I’ve noticed more than a couple of posts recently from “dad blogs” that I frequent (on an semi-infrequent basis) that have decided to call it quits. They cite several reasons for the demise (many which I myself have struggled with from time to time, and a few that I have not).
My observations is that there seems to be an informal threshold of somewhere in the four to six year lifespan on blogging. This frightens me a little bit. I am well through my fifth year, and quickly approaching my sixth year – and the quantity (and maybe even quality) of content on FOF is also waning.
I’d be lying if I were to tell you that I have not contemplated the idea a couple of times. I mean, after six years – how much more is there to talk about? When I do have a little moment of inspiration to write about something – the first thing that often pops up in my mind is… “Wait, didn’t you already write about that?” (And frequently, the answer is yes.)
I certainly cannot deny that my involvement, commitment, and interaction with FOF has changed over the years. I have gone from a almost 200 post per year rate down to (so far this year) only 51 posts. Many things contribute to this - my available time, my available energy, my available creativity. Yet, here I am – once again investing a little more of that precious time, energy, and creativity to share my thoughts with someone(?), anyone(?), no one(?) here on “The Life of a Father of Five”.
It also has to be said… Facebook has drastically changed (not only) the blogging community, but truthfully all social media and (I think one could argue) the internet as a whole.
I don’t vilify or regret my involvement with FB. In fact, it is quite the opposite. I have had wonderful experiences connecting with old friends, as well as enhancing new friendships (many which started through blogging) on FB. FB offers a different level of interaction and connection with people that blogging does not offer. Yet, let’s not forget the inverse sentiment. A blog offers something different (more) than FB offers.

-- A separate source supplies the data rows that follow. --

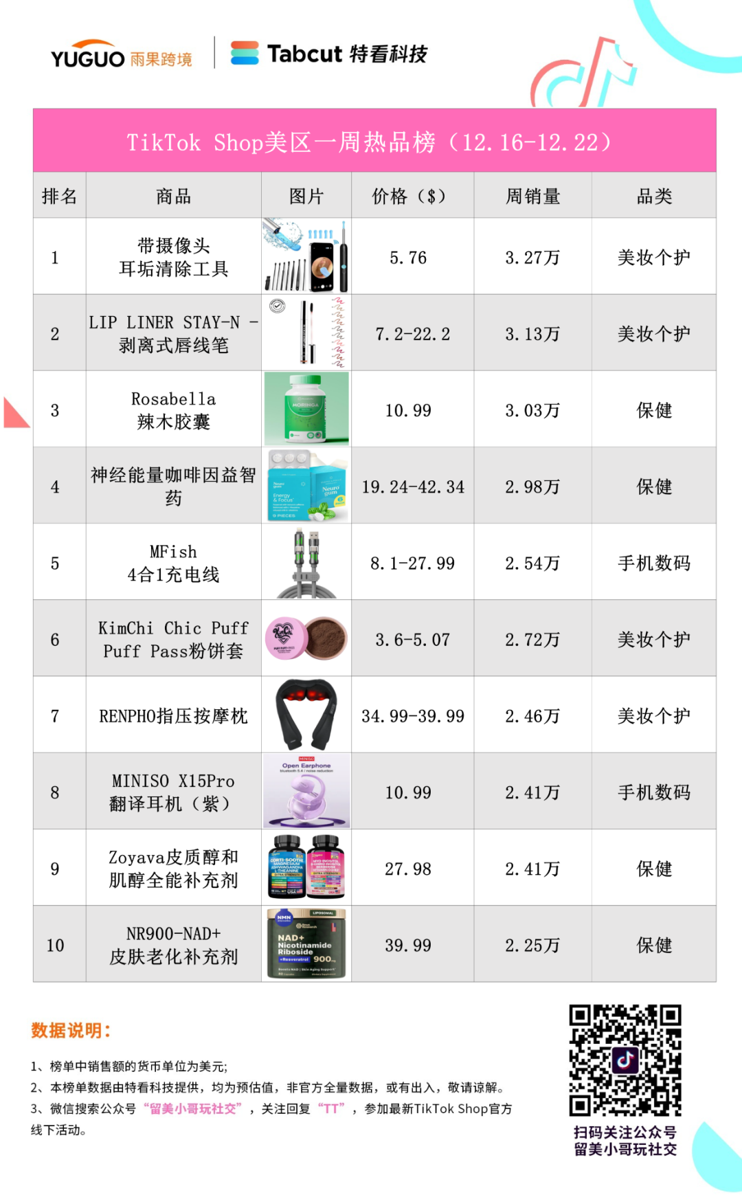 以下是本期(2024年12月16日—12月22日)TikTok Shop 美国站一周热品数据分析,榜单按销量排序,帮助卖家及时了解 TikTok Shop 美区最新市场现状,掌握选品趋势。
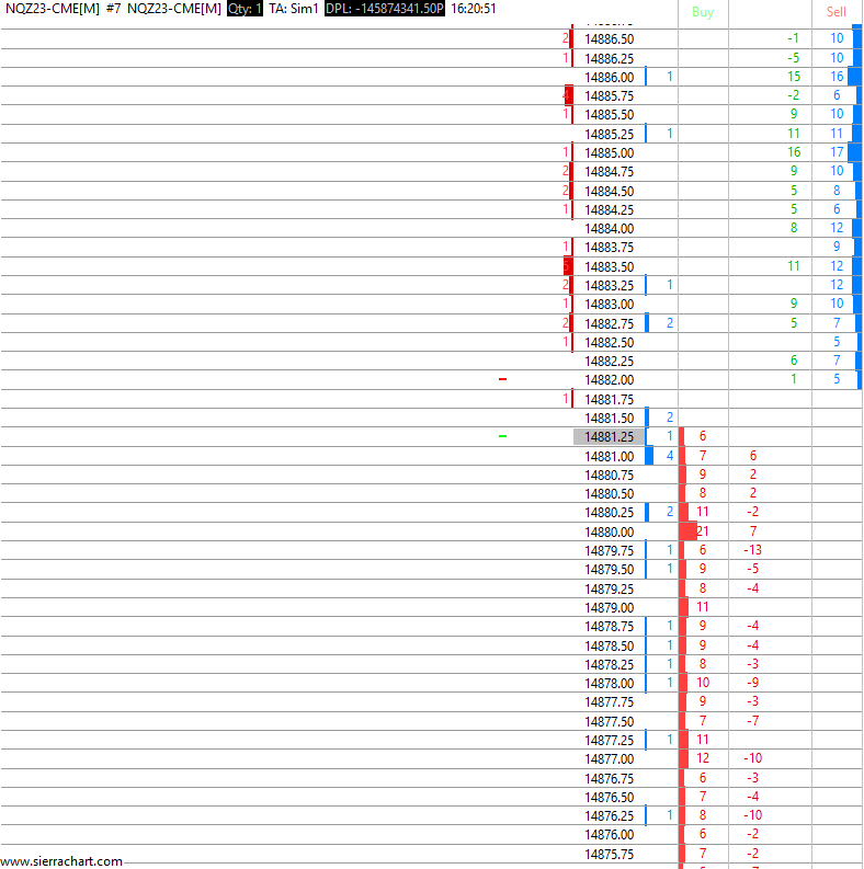 Please see below link: https://www.sierrachart.com/image.php?Image=1695414055771.png My expectation is that the recent traded bid/ask as well as the bid/ask size columns would have larger numbers like 100, 158, 260 etc instead of just showing 5, 8, 9 etc. This is for NQ futures. Thanks again. |
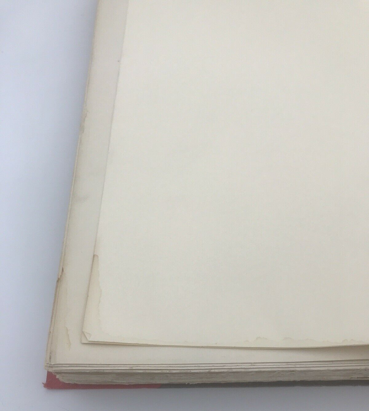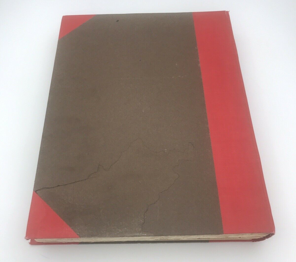 The book is approximately 14″x11″x2″. Some of the pages are uncut. There is some shelf wear and minor foxing. There is a water stain on the back board. There are also a couple of small stains on the spine. please see the photos.

I have found myself (like many others have) asking “why”. Why maintain this blog? I have numerous partial (unfinished) posts, numerous planned posts, and even more “missed opportunity” posts occupying space in my brain. It gets a bit overwhelming at times. So far I have been very careful (and to a certain point, succusful) in drawing a line in the sand, and have kept FOF an enjoyable outlet vs just another task to add to my already busy and hectic schedule. Maybe that is what keeps it working for me.
Here is what I know to be true. FOF is MY little slice of the internet. I control the content. I control the interaction. I control the privacy. I control the layout. The Life of a Father of Five is what I WANT IT TO BE, and that is what is important to me. If I choose to post once a day, or once a week, or once a month, or once a year, it does not matter. If I get a thousand hits a day or only one, it does not matter. If anyone actually reads my content or not, it doesn’t matter (goodness knows I am not winning any literary awards for my meaningless drivel) – and I am satisfied with it that way!
Life has a way of changing and so it would go without saying that FOF has and will continue to ebb and flow much in the same way. Even though I may not be present here as often as I may have in the past – I have no intentions of calling it quits. The feelings I have expressed, the experiences I have shared, the things I have learned, the friends I have made are and will continue to be an important part of who I am.
And as far as those that may still be here with me on this journey (and God willing, enjoying the ride), I thank you. Thank you for allowing me to express my feelings, share my experiences, and learn a little bit together. You all have become some of the best friends around – real or virtual. You all are the frosting on the cake of “The Life of a Father of Five”.